Ghanaian Export of Manganese Ore

Ghana is a major producer of manganese carbonate ore, an essential element needed for processing stainless steel. Mining began in 1916, controlled by the American- owned African Manganese Company, and this continued until 1975, when production was taken over by the government owned National Manganese Corporation. The period of highest production was in the mid 1970's, with production peaking at 638,000 tonnes between 1974 and 1975, but production then declined, due largely to significant inflation in Ghana.


In 1983, new legislation was introduced which eased legal restrictions, and brought in industry regulation, with a push to attract foreign investment into mining. The manganese operation was overhauled, with developments made to the mine infrastructure, and overseas investors (deemed as 'private') brought in to invest $85m in the industry. This resulted in an increase in production, rising to 247,000 tonnes in 1990.

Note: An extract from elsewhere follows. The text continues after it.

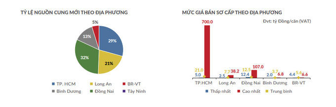 Giá bán sơ cấp ngày càng tăng, thị trường TP.HCM thiết lập mặt bằng giá mới với mức giá bán lên đến 700 tỷ đồng/căn. Đồng Nai ghi nhận giá bán cao nhất lên đến 107 tỷ đồng/căn. Long An ghi nhận giá cao nhất là 38.2 tỷ đồng. Bình Dương và Bà Rịa – Vũng Tàu ghi nhận mức giá cao nhất lần lượt là 6.8 tỷ đồng và 6.6 tỷ đồng.

What is the current position?

There is one operational manganese ore mine in Ghana, Nsuta-Tarkwa, which is located at Tarkwa Banso in the Western Region, utilising an opencast, strip-mining method. In 2006 the mine produced 1.6m tonnes, of which 52% was exported to Ukraine, 37% to China, and the remainder to Norway. The Ukrainian Privat Group has now possesses managerial rights to the Ghana Manganese Corporation (GMC), viewed by some as a move to ensure stability of supply an intention to revise existing contracts has been announced.

The Ghanaian government has continued trying to attract foreign investment, with measure such as tax breaks, off-shore banking etc, but concern has recently been expressed at a government plan to levy a windfall tax.

What is the environmental impact?

Manganese is toxic, and known to cause 'manganism'. This irreversible neurological condition produces symptoms similar to Parkinson's disease, in which patients exhibit impaired responses, mood swings, irritability, and repetitive behaviours similar to OCD. The effectiveness of medical treatment decreases after three years, and prolonged exposure increases the severity of symptoms.

Manganese causes poisoning via the air if there is an ambient concentration of over 5mg, which is a particular risk due to the open-cast method. Manganese can also be water-borne, and poisoning can occur if wells and boreholes become contaminated, with children being especially vulnerable.

What about the future?

The Ghanaian industry remains buoyant about future prospects, despite some reservations about the surrounding infrastructure e.g. unreliability of the rail transport, frequent disruptions to the power supply etc. It has stated a predicted 26m tonnes is available and expects production to continue until 2027. However, some feel that the industry is heavily reliant on external support and expertise, especially as there is something of a 'brain drain' with many Ghanaians moving abroad once qualified.

It is also uncertain how changes to the global economy will affect export, with amendments to Ukrainian contracts and the projected slowdown in Chinese economic growth.

Environmental issues are also of significant concern. In October 2012 the Ghanaian Environmental Protection Agency (EPA), which is responsible for monitoring the impact of mining activity, held a public hearing in Tarkwa-Banso, where it reported on a draft impact report. In 2010 the GMC had begun explorations in the 'North C Pit' at Nsuta-Tarkwa without permission, with a view to re-mining in that area. Concerns had been raised about the proximity of the local village to the mine; new regulations state that residents living within 500m should be relocated (understandable, given the danger of manganese contamination), and discussions are ongoing about whether only those residents within 500m should be relocated, which would fragment the local community, or whether the whole village should be moved.